After a few uncertain weeks in which the global situation worsened, we decided to give virtual training a shot. Honestly, I wasn’t 100% on board with this. I was leaning toward just “waiting it out” and hopefully rescheduling what was “postponed.” After all, we had no experience with virtual training or platforms like Zoom or Adobe Connect and had never converted a live seminar experience to a different medium. Yet on April 22, 2020, we offered our first virtual seminar via Zoom. It was rough initially, but I’m glad we did it. Here is some of my insight on Enerdynamics’ experience moving to a virtual world.
One important factor we had in our favor during this transition was a full awareness that we were using a different medium. This is a lesson we learned in our early years of developing online training, often from live seminars. They are not the same thing! Similarly, the virtual experience is not the same as physically being in a room with 30 participants. First, you can’t see most of them. Our clients are corporate, and we learned early we can’t demand they use cameras. And even if we had, that caused bandwidth issues that you don’t want anyway. So, the first hurdle was adding interaction among an audience that was not together and often silent and unseen.
Hurdle No. 2 was choosing an online platform. We started with Zoom as it is easy to use, though admittedly it does not have many options. That decision was soon followed by Zoom’s security issues, which were so bad many of our clients outlawed the platform altogether. (These rules were subsequently altered after Zoom made changes to ensure it was more secure. But we still have clients that are wary of sharing files, etc.)

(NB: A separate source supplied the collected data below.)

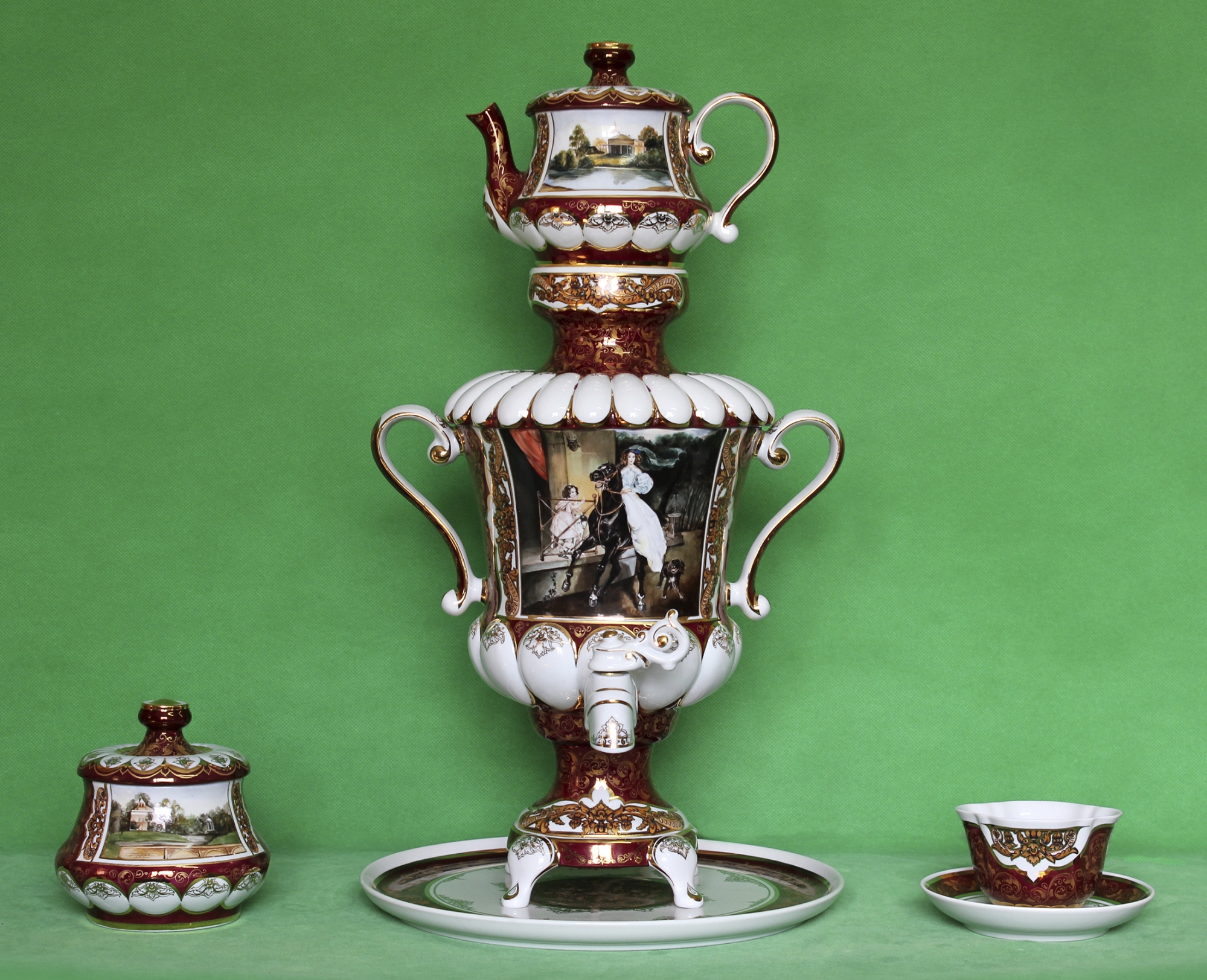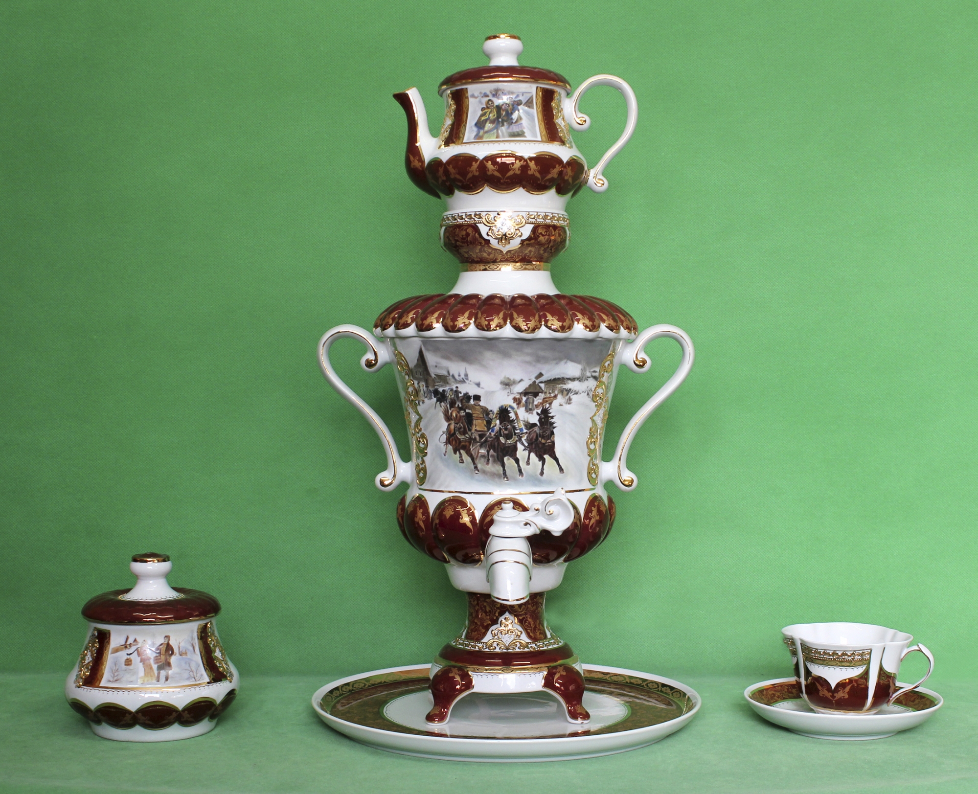 Комплектация: самовар, чайник-заварник, сахарница, блюдо-поднос, 6 чашек с блюдцами. Объем 2,5 литра.
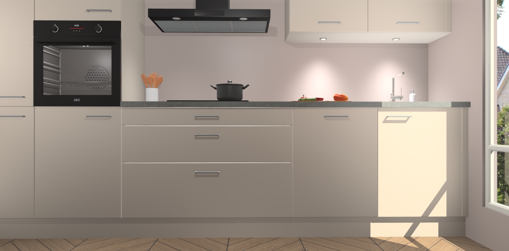 Inclusief plinten, stelpoten en werkblad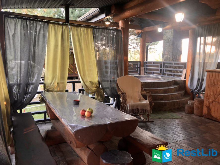 У вартість входить: полотенця, шапочки, гумові тапки, чай на травах, купель з холодною водою, крита тераса для відпочинку в літній період (в зимовий кімната відпочинку), користування мангалом та зоною відпочинку з зонтиками і лежаками на території.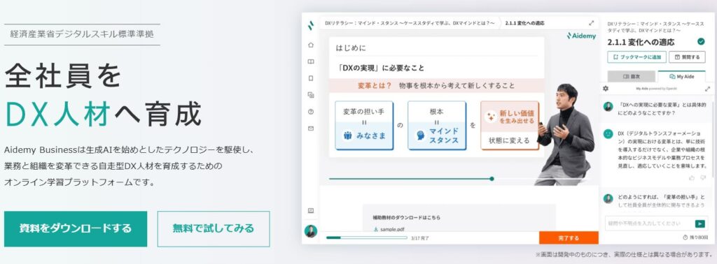 AI/DX人材育成e-learning「Aidemy Business」の資料を見る

We then moved to Adobe Connect. In a world where everything works as it should, it’s a facilitator’s dream! It has multiple interactivity options, cool breakout rooms with white boards, etc. However, we encountered audio problems that persist to this day. Our workaround is to have participants use both a computer for the visual presentation and a phone for the audio. Not ideal, but it works. Most times. But if I’ve learned anything, the technology can sink a virtual class. Ultimately, whatever features your platform offers, if the technology doesn’t work your class will suffer. I still use Zoom for this very reason. It works.
Maybe not a hurdle but certainly a change from in-person seminars was the timing of classes. A full day in front of the computer is a real tough sell. We’ve experimented with several schedules. For instance, one client schedules a half-day class from 8 a.m. to 1:30 p.m., with two breaks of 30 and 45 minutes. While this extends the day, it works well. For another client we present a two-day seminar on consecutive days, but they are shortened. And the lunch break is extended to three hours. It’s a long day, but it gives participants the opportunity to get work done and attend the seminar. Like everything else, the takeaway here is that virtual is a different world, and you can’t expect things to be as they were in an in-person seminar.

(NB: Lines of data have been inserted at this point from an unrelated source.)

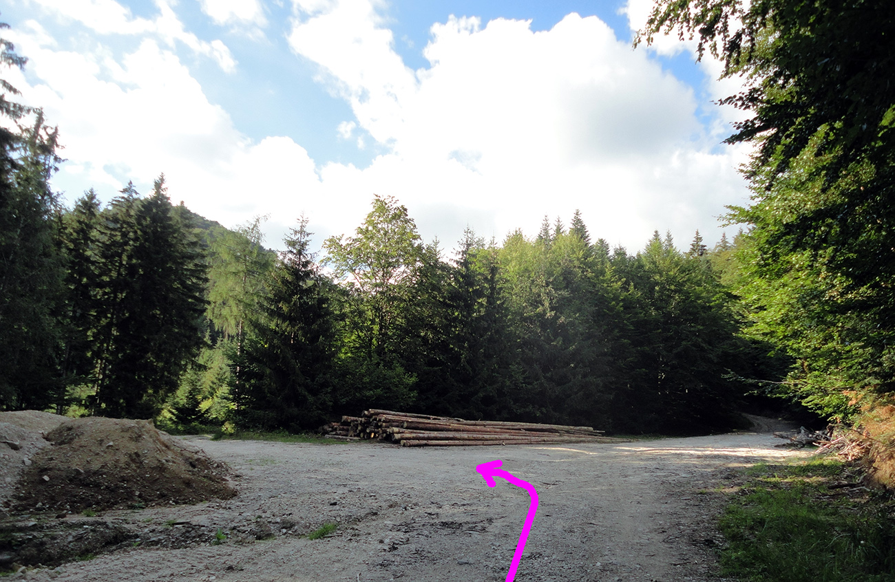 Tentokrát ale nejdem dole dolinou, ale cez mostík do protisvahu, do ďalšieho stúpania. Ako inak, po zvážnici - smerom na juh, ponad dolinu. Mierne. Cestou je jediná výrazná križovatka, z ktorej sa dá tiež zbehnúť do Sučianskej doliny. To by som šiel rovno - ale teraz idem doprava (jediná možnosť do kopca), obtáčam kopec Vinicko z juhu. Cesta postupne pod kolesami zarastá, ako sa blíži ku svojmu koncu. Ten nastáva asi po dvoch kilákoch - a tu je to najmenej dokonalé „prepojenie“ na trase. Vpredu kríky a vybagrovaná jama, ale zjazdný chodník vidno - po jej okraji vedie „za roh“. Hádam len zo 10 metrov, a tam zrazu ďalšia, novučičká zvážnica. Čiže poriadne hnusná, hrboľatá, ešte nezarastená a s poriadne odrúbanými svahmi. Strmo klesá, serpentínou obchádza záver Kľačianskej doliny. Potom ponad „lyžiarsku chatu“ na lúke križuje zelenú značku a napája sa na cestu z Kľačian na chatu pod Kľačianskou Magurou. Asi v jej polovici.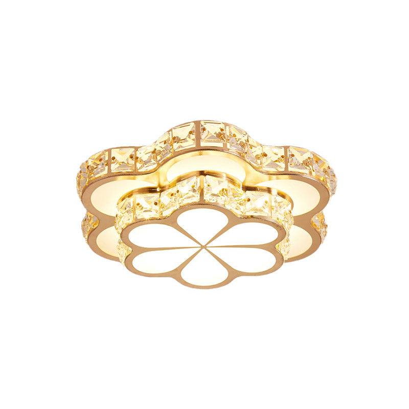 Contemporary Led Crystal Drum/Flower Corridor Flushmount Ceiling Light - White/Gold Finish Gold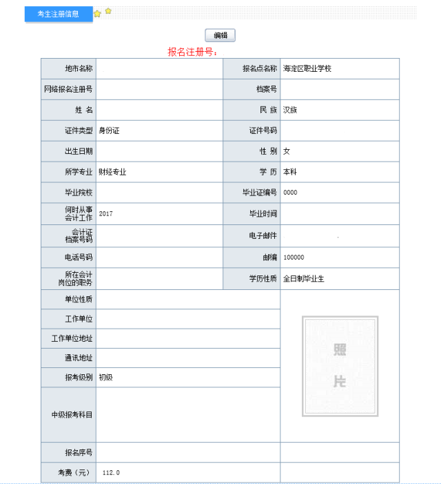 如需查看或修改信息可再次登录网站(需要注册号),点击“编辑”修改个人信息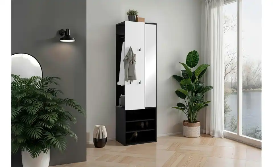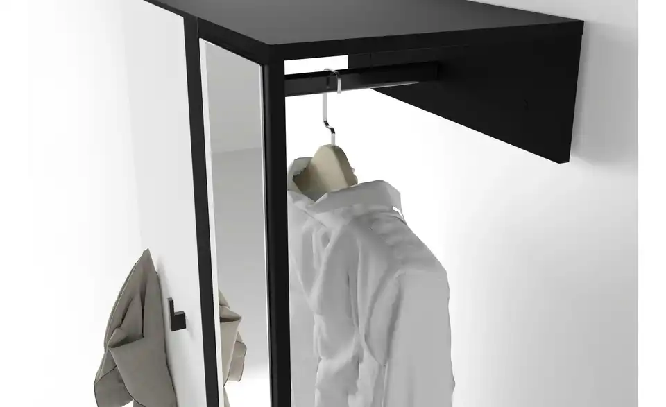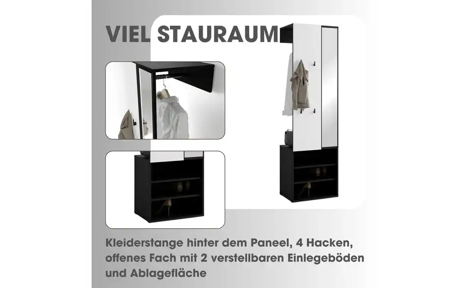 - Mehr zu Ausstattung / FunktionKleiderstange Metall schwarz, Haken Kunststoff schwarz, Spiegelglasstärke 3mm, Einlegeboden in 32mm-Abständen verstellbar, Fächer für max. 6 paar Schuhe geeignet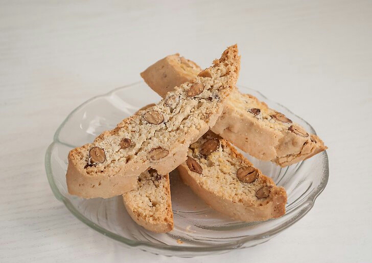 En el tazón de la batidora colocar los huevos batir a espumar,cernir harina,polvo de hornear y sal agregar al batido el azúcar en polvo cernida junto con la vainilla batir agregar lo cernido junto con las almendras y el brandy batir por 1minuto pasar la pasta a la mesa de trabajo con harina rociada rociar harina a la pasta ya que es pegajosa dividir en dos partes dar formar rectangular sobre una bandeja engrasada o con un silpat llevar al horno precalentado a 350grados f por 15minutos pasado el tiempo sacar aún tibios con un cuchillo de sierra cortar los rectángulos de pasta volcar las rebanadas de biscotti sobre la bandeja volver al horno ahora 10minutos,pasado el tiempo voltear las rebanadas de biscotti y hornear otros 10minutos más,pasado el tiempo colocar las rebanadas de biscotti sobre una rejilla y enfriar antes de servir.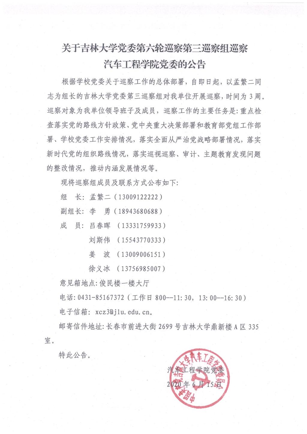 关于云顶7610线路检测党委第六轮巡察第三巡察组巡察公司党委的公告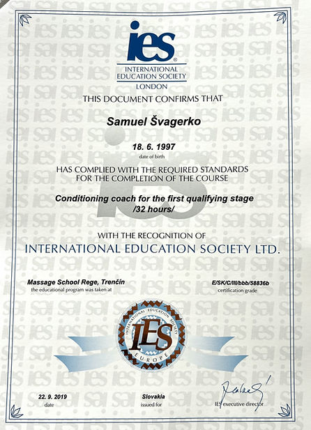 Translation Calisthenics Certification by Efect Fit Academy attended for 7 hours Date of Completion: November 10th 2019 Instructor: Damián Vizár (IG - @mr._muscle_up) Notable courses/schools without official certification: Conditioning Coaching at the Faculty of Physical Education and Sport, Comenius University in Bratislava, Calisthenics Course of 1. Degree, Medicine Ball Course, DNS Diagnosis Lessons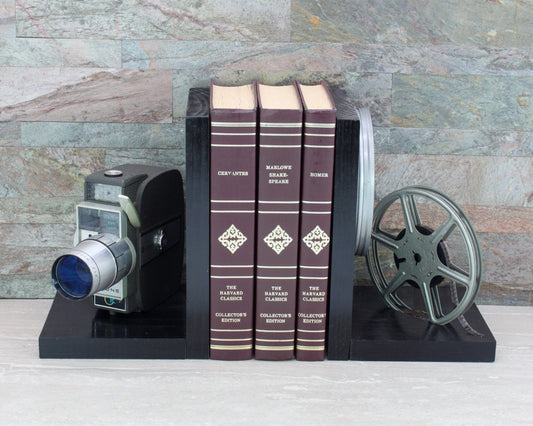 Vintage 16mm Camera Bookends - Keystone Model A7- DVD Holder - Movie Theater Décor - Movie Maker gift - Actor gift - Actress gift

And finally, what is it like to facilitate a virtual seminar? A lot of work! The energy you get from a live audience is just not there. You are literally “on” from the second you open the training room until the last person leaves the screen, often with little to no feedback from your audience.

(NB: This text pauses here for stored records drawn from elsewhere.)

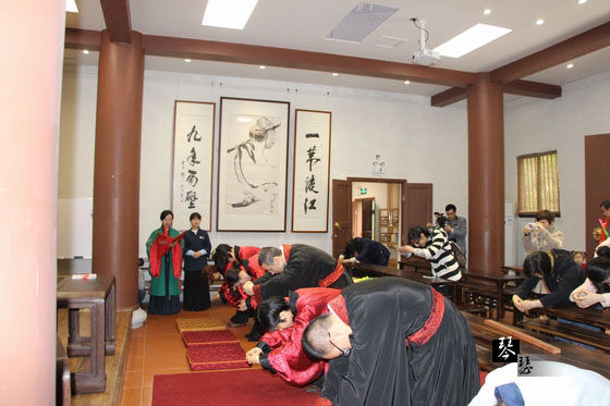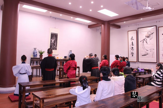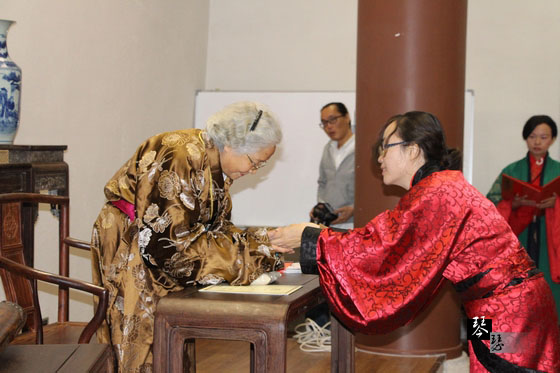 2014年3月15日,在幽静雅致的粤秀书院举行了一场古琴拜师礼,由琴瑟华夏传统礼仪策划的学术顾问蕾蕾老师任司仪及礼仪指导。
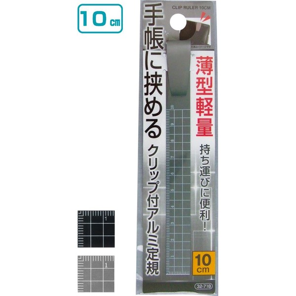 手帳に便利!薄型クリップ付10cmメタルカラーアルミ定規 【12個セット】 32-718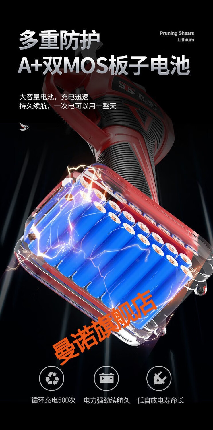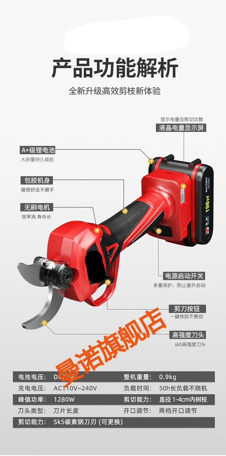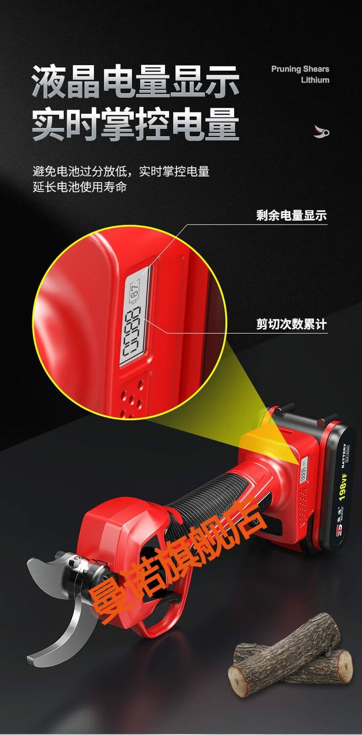 MANNUO electric pruning shears, branch pruning, wireless fruit tree shears, lithium battery rechargeable garden thick branch shears, heavy shears 5.0MM LCD version + dual batteries + free 2 knives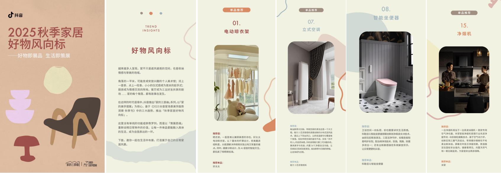 从家空间到家美学,再到家生活,「家的三部曲」系列IP体系正在综合重塑家居消费叙事,也正在系统性、多元性、前瞻性地展现出抖音平台对于家装家具市场态势和发展脉络的行业洞察和商机把握,向更多“家场景”下的家居家装品牌释放出吸引力。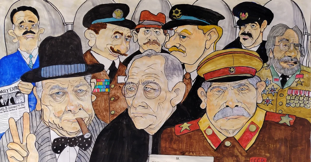 The Yalta conference, February 1945. The big three: Stalin, Churchill and Roosevelt, posing with their aides in front of the Livadia Palace in Yalta, deciding Europe's fate and laying the foundations of the postwar order.

So where do we go from here? I just got off a call with a client who is scheduling a seminar in October. Virtual. I did attempt an in-person seminar a few months ago (see prior post on that experience) and the same client is going to try again in September. But even when our worlds open up again, will we ever go back to in-person training? I think so, but I also think virtual is here to stay. There are certain circumstances where it just makes sense. And as a facilitator I have to admit I’ve gotten used to working in my shorts and bare feet.